2 Node 1 Quorum Disk Expected behavior

adamb

Famous Member
Mar 1, 2012
1,323
73
113
Just trying to get some input.

I have a 2 node setup with 1 quorum disk. DRBD and cluster communication is over a dedicated 10GB connection between the two nodes. When pulling the 10GB network from one of the nodes, they end up fencing each other off. I thought this is exactly what the quorum disk was suppose to prevent? Trying to pin down how to prevent this. I appreciate the input!
 
The quorum disk is also connected through the network you pull? Or does it use another connections?
 
Do you use heuristics for qdisk? Please can you post your qdisk configuration?

The qdisk is on another network.

<?xml version="1.0"?>
<cluster config_version="6" name="medprox">
<cman expected_votes="3" keyfile="/var/lib/pve-cluster/corosync.authkey"/>
<quorumd allow_kill="0" interval="3" label="medprox_qdisk" tko="10">
<heuristic interval="3" program="ping $GATEWAY -c1 -w1" score="1" tko="4"/>
<heuristic interval="3" program="ip addr | grep eth2 | grep -q UP" score="2" tko="3"/>
</quorumd>
<totem token="54000"/>
<fencedevices>
<fencedevice agent="fence_ipmilan" ipaddr="10.80.12.149" lanplus="1" login="USERID" name="ipmi1" passwd="PASSW0RD" power_wait="5"/>
<fencedevice agent="fence_ipmilan" ipaddr="10.80.12.150" lanplus="1" login="USERID" name="ipmi2" passwd="PASSW0RD" power_wait="5"/>
</fencedevices>
<clusternodes>
<clusternode name="medprox1" nodeid="1" votes="1">
<fence>
<method name="1">
<device name="ipmi1"/>
</method>
</fence>
</clusternode>
<clusternode name="medprox2" nodeid="2" votes="1">
<fence>
<method name="1">
<device name="ipmi2"/>
</method>
</fence>
</clusternode>
</clusternodes>
<rm>
<pvevm autostart="1" vmid="100"/>
<pvevm autostart="1" vmid="101"/>
</rm>
</cluster>
 
Looks like I should be using the NIC that DRBD and cluster communication is on in the "<heuristic interval="3" program="ip addr | grep eth2 | grep -q UP" score="2" tko="3"/>"

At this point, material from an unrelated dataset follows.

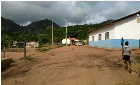
Foto 9. Vista da Comunidade de Pedra Alta.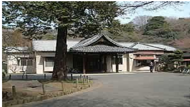
松聲閣 (しょうせいかく) H28年1月復元

After making this change fail over seems to work better. Only issue, is that after the node comes back up, I end up with this issue repeated over and over.

[TOTEM ] Retransmit List: 31d 31e 31f 320 321 322 323 324 32f 330 331 332 333 334 335 336 337

Now I am also seeing this.

Feb 13 09:20:56 medprox2 kernel: [<ffffffff81065d8c>] ? dequeue_task_fair+0x1fc/0x200
Feb 13 09:20:56 medprox2 kernel: [<ffffffff81529085>] schedule_timeout+0x215/0x2e0
Feb 13 09:20:56 medprox2 kernel: [<ffffffff815281f4>] ? thread_return+0xba/0x7e6
Feb 13 09:20:56 medprox2 kernel: [<ffffffff8135a633>] ? ve_kobject_uevent_env+0xa3/0xc0
Feb 13 09:20:56 medprox2 kernel: [<ffffffff81528cf3>] wait_for_common+0x123/0x190
Feb 13 09:20:56 medprox2 kernel: [<ffffffff81059f10>] ? default_wake_function+0x0/0x20
Feb 13 09:20:56 medprox2 kernel: [<ffffffff81528e1d>] wait_for_completion+0x1d/0x20
Feb 13 09:20:56 medprox2 kernel: [<ffffffffa043b2ca>] dlm_new_lockspace+0x9fa/0xaa0 [dlm]
Feb 13 09:20:56 medprox2 kernel: [<ffffffffa04440b7>] device_write+0x317/0x7d0 [dlm]
Feb 13 09:20:56 medprox2 kernel: [<ffffffff81059f10>] ? default_wake_function+0x0/0x20
Feb 13 09:20:56 medprox2 kernel: [<ffffffff8127e5ca>] ? strncpy_from_user+0x4a/0x90
Feb 13 09:20:56 medprox2 kernel: [<ffffffff81196768>] vfs_write+0xb8/0x1a0
Feb 13 09:20:56 medprox2 kernel: [<ffffffff81197181>] sys_write+0x51/0x90
Feb 13 09:20:56 medprox2 kernel: [<ffffffff8100b182>] system_call_fastpath+0x16/0x1b

I ended up doing a few reboots to get away from this. Here is what I did.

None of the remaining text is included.